Yumi then took off my glasses with both hands and kept them back in their box in her bag as I asked what that was. “Connection. Come on, let’s keep going, we got more to find.” “Oh yes, and remember to drink up, it’s hot.” Her voice changes midway as she smiles at the last sentence. There are times when she turns into a different person. When I recall her memories, I feel encouraged. Does she still remember that time when we were seven when she lost her hat, and we looked for it together and found it in the bush? I want her to be safe and healthy. Let her write the life she wants with a cute bunny pen she will buy from a gift shop. On that pen, a little bunny will hold a leaf as an umbrella like how she would shelter herself from the sun. I make a promise to myself that I will bring her to the paradise as well. And Chase too.
About half an hour later, we stumble into an old village within the forest.
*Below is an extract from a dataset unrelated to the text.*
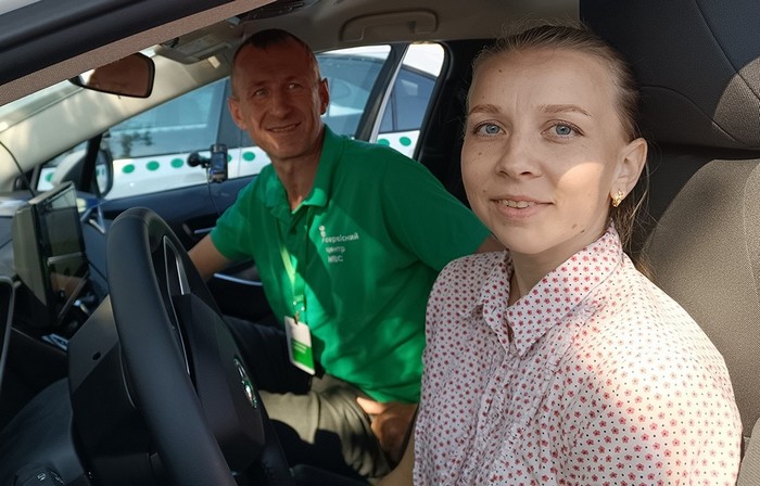 28-річна Світлана Ганжа вже сидить в «Тойоті» з екзаменатором Олександром Лубенцем, адміністратором територіального сервісного центру 7441. Практичний іспит Світлана складає вдруге. Теорію здала з першого разу.

Hurdling over abandoned, collapsed towers, I saw shards of glass and remains of industrial foundations. “What happened to this place?” I asked. “It was left behind. People don’t like the taste of vegetables and rather eat Mac burgers.” “What are those? Oh, sorry you didn’t know, it’s a dish from before.” “Do you know if there are other towns here?” “Apparently there were. In fact, they were so big that they were called megacities. They spanned from one end of a country to another.” “But what happened to them? They got too ambitious. And a little too clever for their own good. Now they are gone.”
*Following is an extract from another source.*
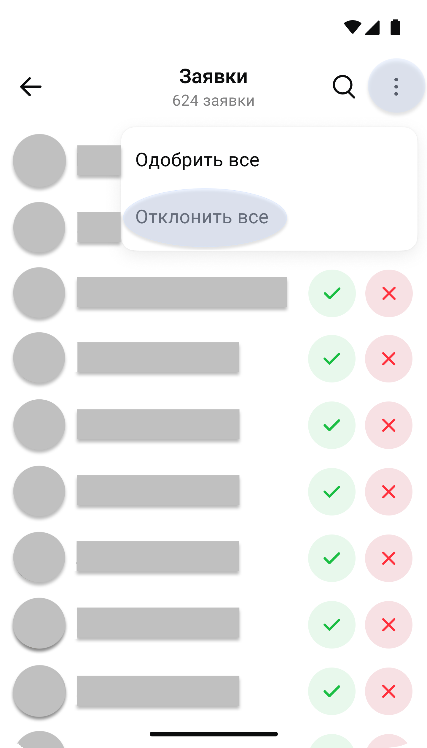 Если вы хотите одобрить или отклонить все заявки сразу: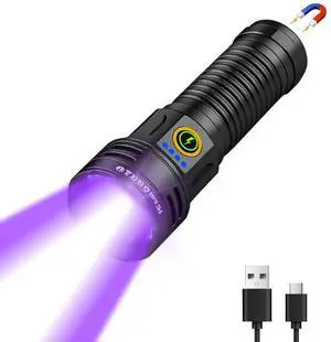 2-in-1 Powerful Blacklight LED Flashlight - UV&High Lumens Tactical Rechargeable Flash Light, 7 Modes, 18H Long Lasting, Super Bright Waterproof Detector for Pet Urine Curing Resin Camping Emergencies

“I am asking this once more. How do you always know so much?”
“My father used to tell me a lot. What things were like before I was born, and what his father told him, and the father before that, and so on. That’s how I found the place up above.”
The two of us continue walking alone in the forest, along the rusted, overgrown steel that was nailed to the decayed and softened wooden fibers. Blankets of moss layer over the tracks while roots clung beneath the metal. The rails wound around the hills that we diligently follow. Only when we ascended high enough, that I realize that we are the only major town in the area for a long distance. There is a trail of smoke stringing from the town’s main factory.
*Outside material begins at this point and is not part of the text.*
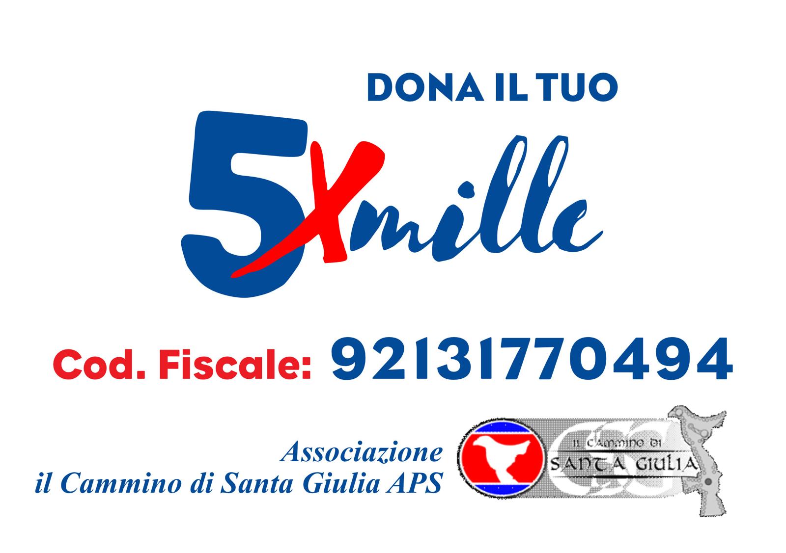 Con il tuo 5×1000 sostieni l’Associazione Il Cammino di Santa Giulia APS e i nostri progetti per valorizzare il territorio attraverso un itinerario culturale unico, ispirato alla Storia e alle Tradizioni locali. Il tuo contributo ci aiuta a far crescere il Cammino, a rivitalizzare i piccoli centri attraversati e a salvare antiche chiese ed edifici storici in stato di degrado, grazie a interventi mirati e concreti.

At about a third of the way up the hill, we come across an old train carriage. The blue waves on either side are no longer vibrant, having been dampened by the earth’s marching of time. The door complains but still gives way as we find ourselves inside the relic of a time long ago. Through the remote specks of dust suspended by the sun, at the last seat is the hand grip of something stuffed inside the train.
“This is the sword that you will kill the forest guardian with.”
Encircled by eroded coins and stains of blood, a sword that glints red, blue, silver, and gold stabs through the gap between the train seats. I try to pull it out but upon seeing me struggle, Yumi joins in to help by pushing from below as I pull from above. It’s rubbing against the internals of the chair but is not coming out. Now crouching on the chair, my cram up as I nudge it left and right. At the point where it was about halfway through, the sword finally slipped out entirely.
What happens afterwards is a burst of lightning that echoes outside the train window. As I look out, the sky temporarily goes ablaze and transforms into a celestial spectacle–an inferno of orange and pink as though the clouds have caught fire as little sparks scatter on the ground. I can feel my skin tingling as it gets paintbrush by the spiciness of the air before everything subsides back to normal. It is like the earth had caught dementia and forgot that anything happened. Both of us got tensed up by its prominence. Yumi’s eyes are noticeably wider now and I can see through her that she too is worried. The grass standing just as erect beneath her. Now holding the sword, I believed that I could end the world with my very hand if I wanted to. I remember getting a plastic colored sword for my birthday. Together with the neighbors, I would slash cardboard buildings and pin tiny insects to their innocent deaths. I have since lost the sword and haven’t touched one until now.
It was then that we reached a cavity in the mountain. As if by prophecy, a secondary rail detoured inside a cave. “Lastly, for one to drink he needs to drink something else in return. There’s a pond inside. That’s the drink that will give you the energy to strike through the forest guardian.”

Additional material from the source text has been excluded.